Aspen Woolf, Benefits, Risks, Investements

Benefits and risks of investing in commercial property

Lease length

The lease length in the UK is longer than
in Europe or the US. The typical length of an office lease in London, for example, is between 10 and 15 years. The average length of office leases across the UK is around eight years.10
Residential properties generally have leases of 6-12 months. This means that investing in commercial property offers more security as you benefit from a set level of income for a specific (and long) period of time.

Direct commercial property investment

The risk is spread across several different properties that are directly owned by the investment fund. If one property is empty, and therefore not earning rent, others within the fund will still be generating income.
You will benefit from an annual return from rent, and when you cash in the investment, you can hope to get the sum you initially invested plus the growth in value of all the properties within the fund.

Benefits

– Rental income can be secure when compared with other asset classes. This is due to the long lease lengths, and the fact that there is less risk of default than with residential properties. – Rental incomes will increase every year by at least the rate of inflation. – You don’t have to deal with property management, as the fund manager has to do that. It’s their responsibility to get tenants, negotiate lease lengths and invest in prime property.

Risks
– Commercial property markets are slow moving. – Buying or selling property can take months, and fast access to your investment in the fund is unlikely. – There is a little-known lock out clause that can stop property fund investors getting their money out under ‘exceptional circumstances’. This caught a number of investors out during the financial crisis in 2007/8. The FCA rules that property funds are allowed to suspend trading for 28 days to sell properties and therefore raise enough cash to pay investors who want to reclaim their investment. They can repeat this 28 day stay of execution until they have enough money to pay out. This can last up to 12 months.
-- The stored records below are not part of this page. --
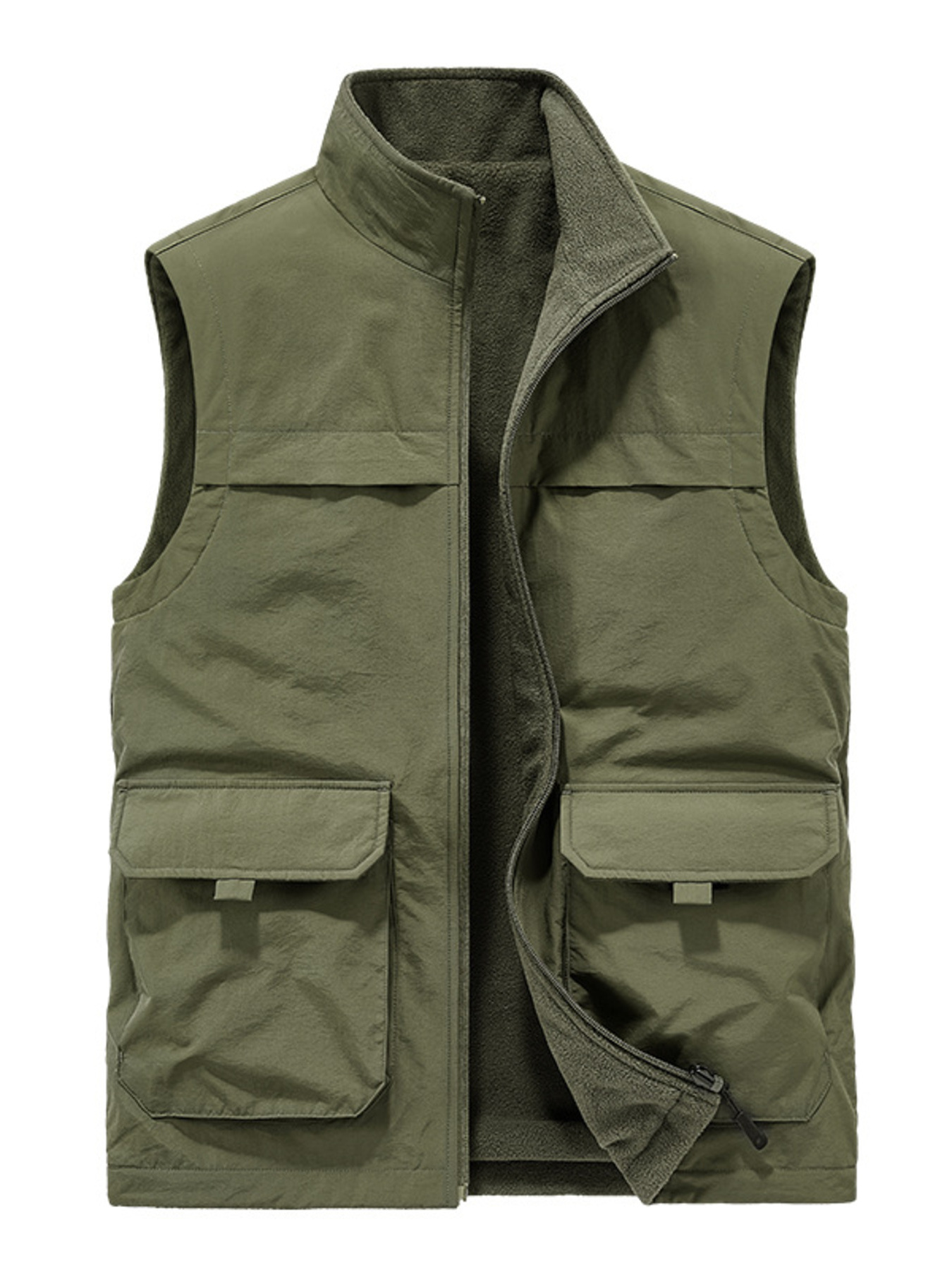 Men's Plus Size Multi-Pocket Zip Up Vest
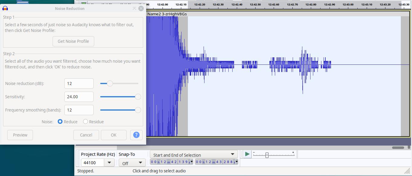 Step 1 Select a few seconds of just noise so Audacity knows what to filter out, then click Get Noise Profile: Get Noise Profile
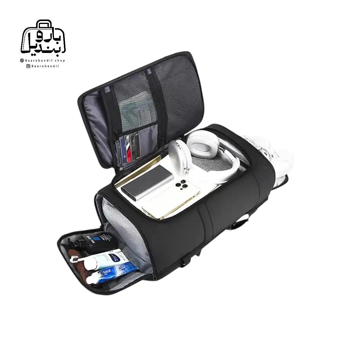 تقسیمبندیهای داخلی | فضای اصلی , دارای تفکیکهای داخلی مناسب , دارای زیپ و جیب داخلی , دارای دو محفظهٔ کوچک در جلوی چمدان , جای لپتاپ , جای تبلت , جای قمقمه |
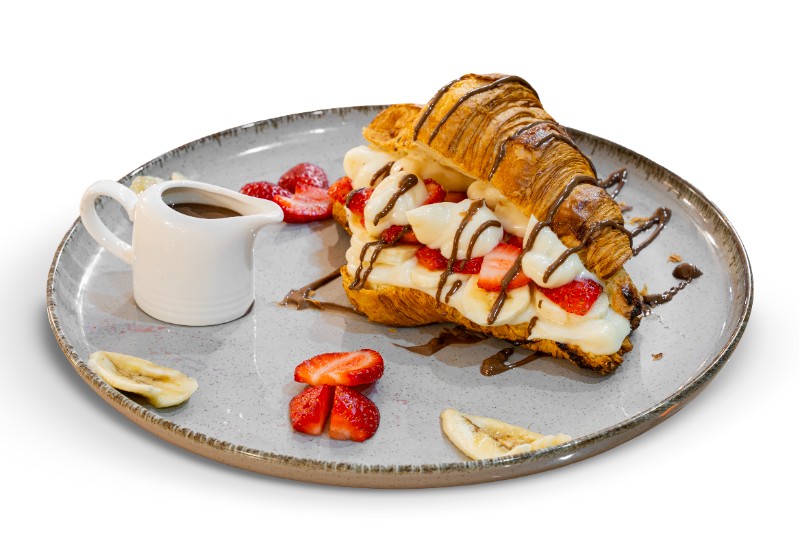 taze çilek-muz-özel manifest kreması ve kruvasanın eşsiz buluşması (çikolata sos ile servis edilir)

Indirect commercial property funds

Usually in the form of unit trusts and OEICs, these funds buy shares in property investment companies.

Benefits
– As these shares are listed on the stock exchange and traded daily, they don’t have the liquidity problems mentioned above. Therefore, you can move funds in and out freely. – More than 80% of the property companies mentioned above are REITs and, as such, have more tax benefits than other listed property companies. – REITs don’t have to pay corporation tax on their assets as long as 90% of the profits are aid out to shareholders.
Risks
– The volatility of investing on the stock market is always a risk.

Property investment trusts

These pool your money to buy property company shares and property.
The main difference between REITs and property investment trusts is that they’re treated like any other company. That means tax on dividends is 7.5% for Basic Rate payers on anything over £5,000, for the tax year 2016-2017.
Many property investment trusts use different strategies to boost the money they can put into a property beyond your investment. An example of this is ‘gearing’, which allows these companies to borrow money to boost the investment. This is good news in a rising market as you can gain more, but it can also increase losses. What should you be aware of?
If you’re considering investing in commercial property, then you need to be aware of:

• Diversification.

• Volatility.

• Liquidity.

While property funds can be less subject to volatility than other assets, direct property funds are less fluid. This is because you are trying to sell an actual, physical property. It can be particularly difficult to sell during a market crash.
There can be times where there are fewer buyers than sellers. In these cases, fund managers can switch from ‘offer’ (highest) to ‘mid’ or ‘bid’ pricing (lower), which reduces the value of the fund by around 6%. At worst, the fund can be closed so that no purchases or redemptions can take place.
Investors in commercial property funds must ensure they take a diversified approach. Holding a portfolio with a good and varied spread of industrial, office and retail can mitigate many sector-specific risks.
The ideal number of properties a fund should hold is around 40. Any fewer then the investor could be taking a bigger risk due to potential tenancy issues.
Location and how the property will be managed is extremely important when it comes to investing in commercial property. Ensure you are well advised to minimise risk.